The Roads and Rails museum is basically a gigantic train set that takes up an entire building. All along the edges of this locomotive wonderland are buttons that one can press to make things happen. Some buttons make trains go, while others make cars drive on the roads, people dance around, animals zip about, or set off various lights and sirens. In other words, it was Edward heaven. He raced around pressing every button he could, especially loving the button that made the firehouse door open and the fire engine come out. But lest you think this was only for kids, the level of detail and hidden pop culture references that could be found on this giant table was astounding, and directed squarely at the adults. Look close enough and you can find the Griswolds, driving home with their enormous Christmas tree on the roof. You will see, if you look close enough, the cast of “Lost” peering into the hatch, and a certain time-traveling phone booth. Dunder Mifflin is there, and, of course, if you spend enough time scrutinizing every detail, you will find Waldo.
There is so much to find, in fact, that they pass out scavenger hunt lists at the front desk. There was a simpler one for the kids, which Ruby took to with wild abandon, a grown-up version, and then a bonus nerd version for all of those geeky things to discover, only a small percentage of which I have mentioned above. We spent a lot of time with the trains.

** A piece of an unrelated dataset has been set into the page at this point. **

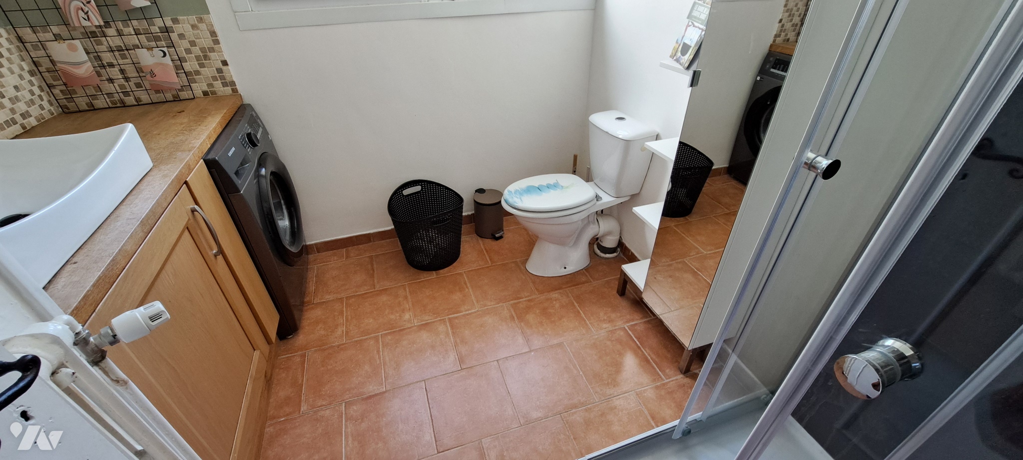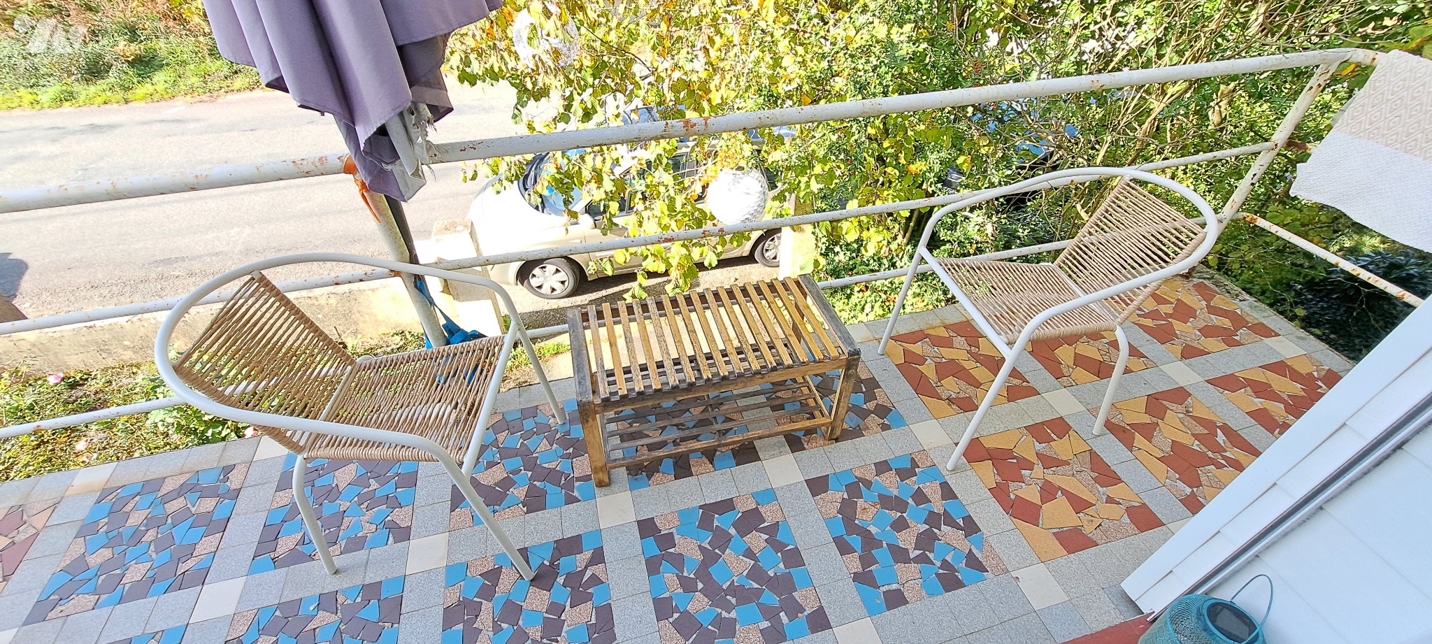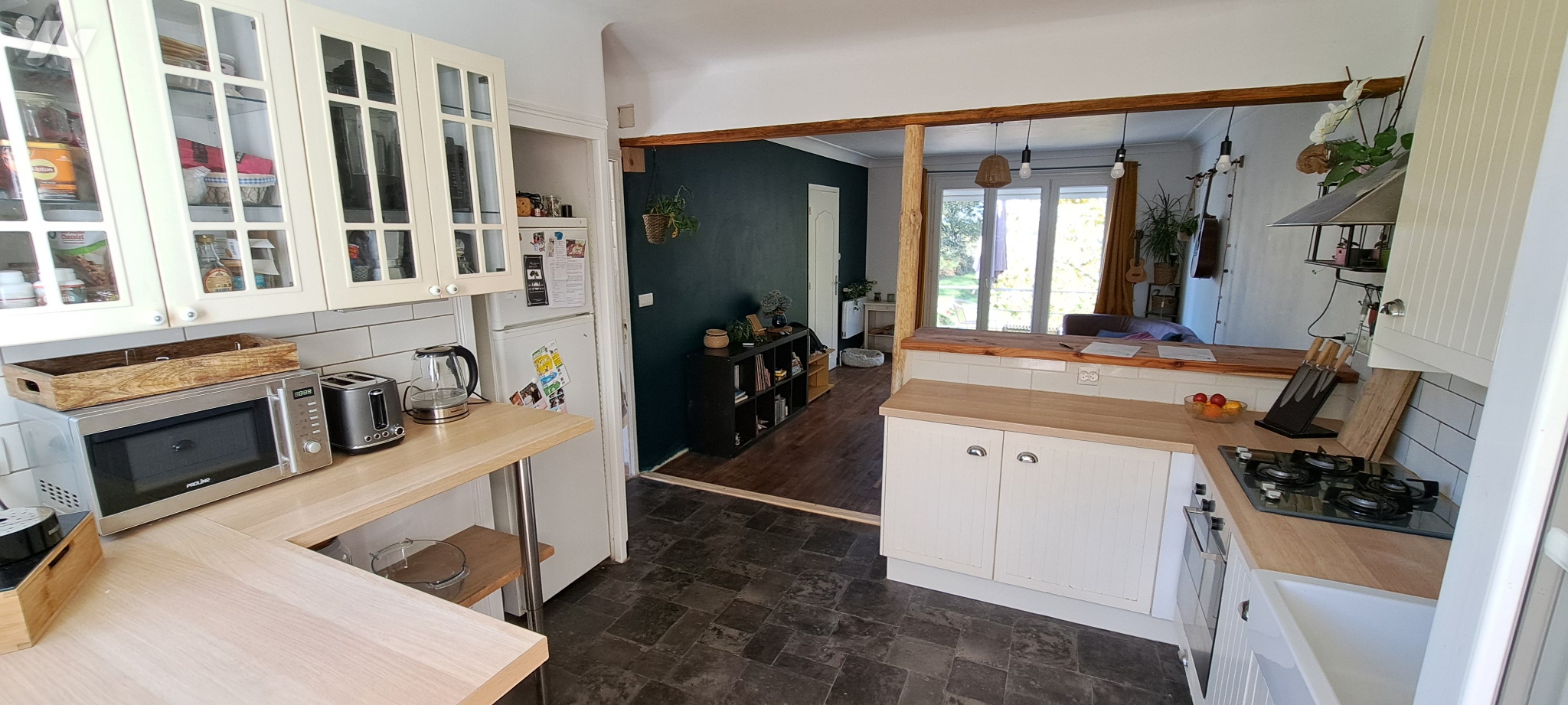 L’entrée principale ouvre sur une cuisine ouverte sur le séjour, lumineux et tourné vers le jardin. Le séjour s’ouvre également sur un balcon à l’avant, pouvant accueillir une petite table et deux chaises.

But then! As if that wasn’t awesome enough! There was more! Because we turned the corner! And found! The LEGO room! Yes, they had an entire room dedicated to a giant Lego world, the likes of which I had only attempted several decades earlier, but, as I was not allowed to convert our entire house into a Lego-scape, it had never come to fruition. Suddenly I was a kid again, studying this new world with as much, or more, precision as I had studied the trains. They had everything. Armies of soldiers marching on each other outside of the castle. The pirate ship that I had coveted so as a child. The space shuttle flying overhead as it passed a Delorean and Boba Fett’s “Slave 1.” Spider-Man. Harry Potter. The Ghostbusters. Truly, this was the best thing I had ever seen.
Bleric certainly hit a home run with this activity. If you are ever in the area, I would highly recommend checking it out. And I guess you could bring your kids too, if you have them. I’m pretty sure mine loved it as much as I did. Well, actually, I don’t know. I was not paying attention to them. I was too busy being one of them.